Reachability in DAGs

Any method for topological sorting can serve as the basis for a transitive-closure algorithm for DAGs, as follows : We proceed through the vertices in reverse topological order, computing the reachability vector for each vertex from the rows corresponding to its adjacent vertices. The reverse topological sort ensures that all those rows have already been computed. In total, we check each of V entries in the vector corresponding to destination vertex of each of the E edges, for a total running time proportional to $VE$. Although its simple to implement but no more efficient for DAGs than for general graph.

Property 19.13 With dynamic programming and DFS, we can support constant query time for the abstract transitive closure of a DAG with space proportional to $V^2$ and time proportional to $V^2 + VX$ for preprocessing, X is the number of cross edges in the DFS forest.

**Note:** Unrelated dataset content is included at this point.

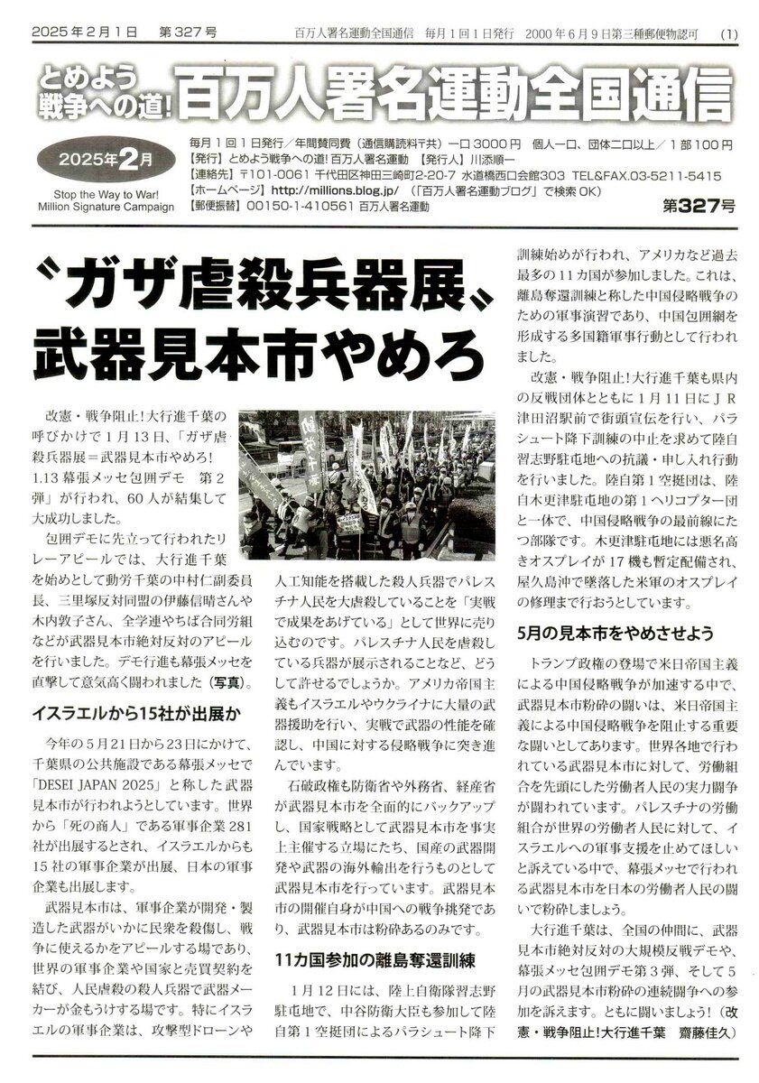 今号1面は、改憲・戦争阻止!大行進千葉の仲間から、5月に千葉県の幕張メッセで行われようとしている武器見本市に反対しようという訴えです。
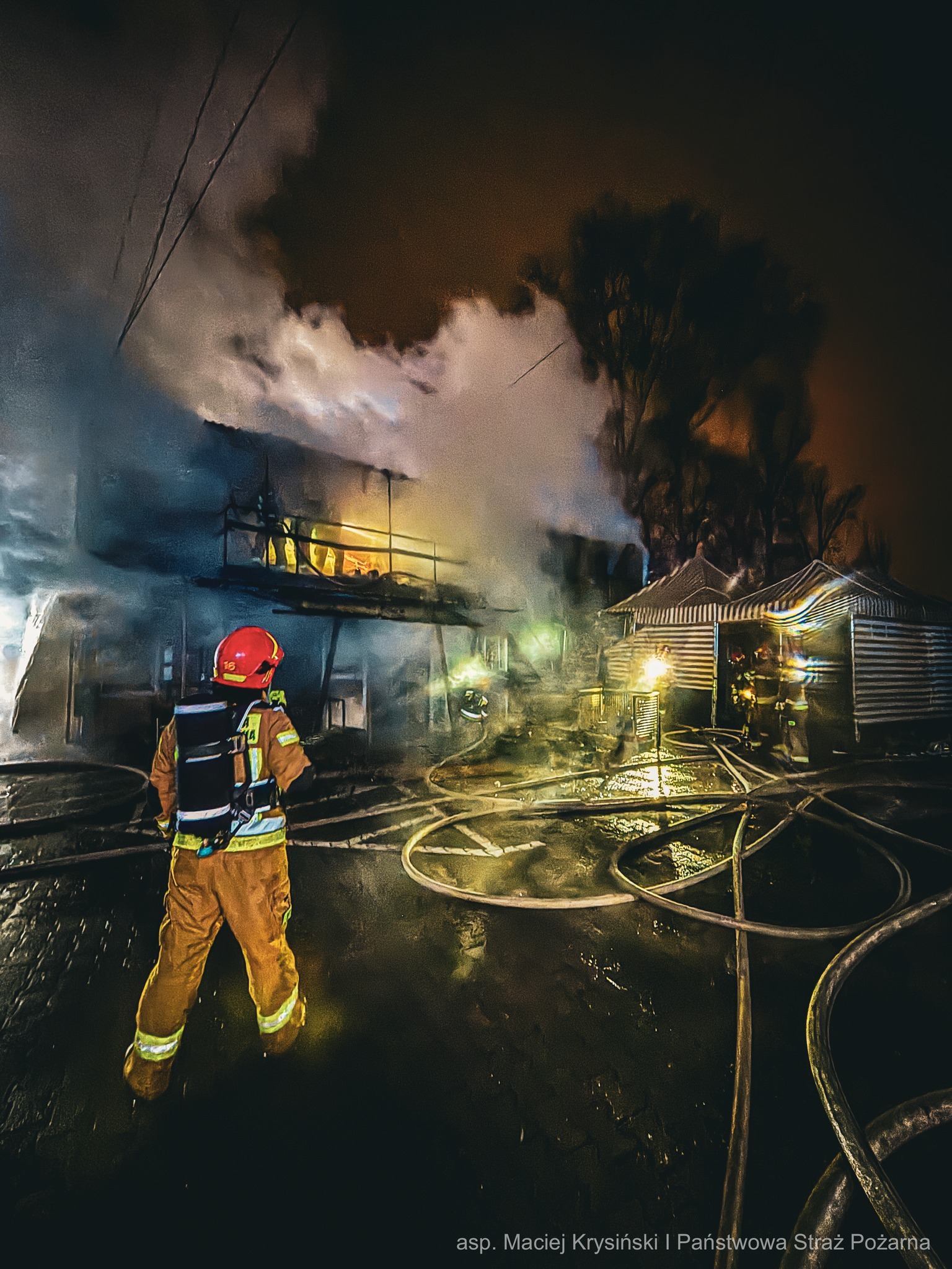 Działania trwały łącznie ponad 5 godzin i zakończyły się dziś o 6 rano. Brało w nich udział 12 zastępów (48 strażaków).

Program 19.9 Transitive closure of a DAG

template <class tcDag, class Dag> class dagtC
{
    tcDag T; const Dag &D;
    int cnt;
    vector<int> pre;
    void tcR(int w)
    {
        pre[w] = cnt++;
        typename Dag::adjIterator A(D,w);
        for(int t = A.beg(); t!= A.end(); t = A.nxt())
        {
            T.insert(Edge(w,t));
            if(pre[t] > pre[w]) continue;
            if(pre[t] == -1) tcR(t);
            for(int i = 0; i<T.V(); i++)
                if(T.edge(t,i)) T.insert(Edge(w,i));
        }
    }
    public :
    	dagTC(const Dag &D) : D(D), cnt(0),
    		pre(D.V(), -1) T(D.V(), true)
            {for(int v = 0; v<D.V(); v++)
             if(pre[v] == -1) tcR(v);}
    	bool reachable(int v,int w) const
        { return T.edge(v,w);}
};

If DAG has no down edges run time is not better than transitive-closure algorithm we done for general digraphs.

This problem of finding an optimal algorithm for computing the transitive closure of dense DAGs is still unsolved. The best know worst-case performance bound is $VE$.